Кажется, пьеса вернулась с антракта. Но из параскения дом тётушки сделался сценой, Сезар же из ключевого действующего лица стал зрителем. Он дошёл до лестничной площадки, когда уловил разнобой двух голосов. Служба у принца научила дружить с темнотой, использовать себе на благо каждое её преимущество. Невесомый шаг в сторону — мозаика под подошвами и не вспомнит о нём, и лишь раскидистое деревце в кадке внимает, развесив листья, актёрам в холле, круглом, как яма орхестры.

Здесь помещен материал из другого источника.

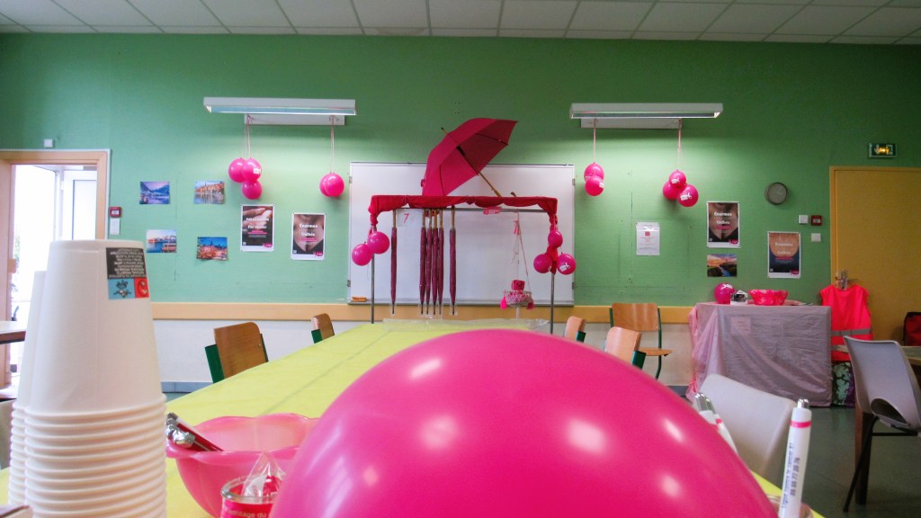 Nous avions réservé la salle des associations à cette occasion, décorée la veille à partir des éléments dont nous disposions de la Ligue contre le Cancer comité Haute-Vienne, boissons et petites créations..
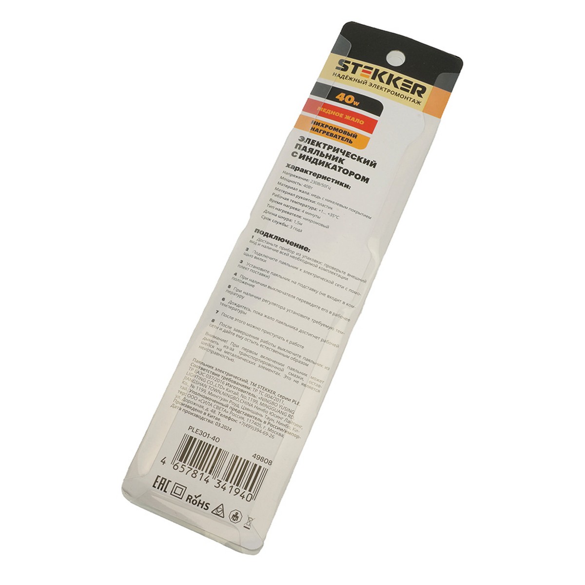 Паяльник с индикатором 40W STEKKER PLE301-40 49808 по цене 283 руб. с фотографией и техническими характеристиками. Для покупки товара нажмите кнопку "Купить" и перейдите в корзину или позвоните по телефону 8 (495) 585 32 60 или 8 (800) 222 23 53.

— … Винья, не пугайся, Винья, верь же мне! Я уговорю его, и он не тронет вас. Не обидит. Я сам уплачу эту цену. Виновный да ответит.

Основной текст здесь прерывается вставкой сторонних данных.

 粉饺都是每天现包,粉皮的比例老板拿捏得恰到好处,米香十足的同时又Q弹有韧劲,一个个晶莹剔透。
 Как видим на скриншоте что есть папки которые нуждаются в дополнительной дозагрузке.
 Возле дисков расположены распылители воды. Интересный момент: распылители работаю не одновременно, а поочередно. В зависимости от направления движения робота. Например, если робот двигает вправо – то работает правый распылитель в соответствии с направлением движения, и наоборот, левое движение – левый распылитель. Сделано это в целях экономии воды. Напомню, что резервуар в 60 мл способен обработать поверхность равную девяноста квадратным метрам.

— Святые лучики, как он узнал?…

Оливия и Рамиро стояли у подножия лестницы трагическим изваянием. Она поторопилась навстречу мужу без рокетти, а он вернулся домой без плаща. Его шпага кончиком ножен поддевала лохмотья утренней мглы, тускло мерцало серебряное шитьё колета.

— Уловка. Гнусная и грешная. Но лучше тебе не знать. — Рамиро молча обнимал Оливию, которая и не ждала ответа — только силилась не разрыдаться, сжимая губы и трясь лбом о его плечо. Супруги немного походили друг на друга: оба худые, порывистые, с резковатой красотой хищных птиц и равно хриплыми голосами. Рамиро, конечно же, был куда выше, да и размахом плеч Всевечный его не обидел.

— Она была дурной женщиной, — до времени придержав рыдания, Оливия отстранилась от мужа и принялась собирать к затылку массу тяжелых тёмных волос. Вода стекала с них, пропитывая сорочку, скапливаясь у босых ступней, придавая женщине образ русалки… Чей возлюбленный одумался и принял её любовь, но поздно, и разлука ждёт у ворот. — Она лишила тебя покоя при жизни, не отпустит и в смерти. Такие тайны уносит в могилу, а Бог о них и так знает.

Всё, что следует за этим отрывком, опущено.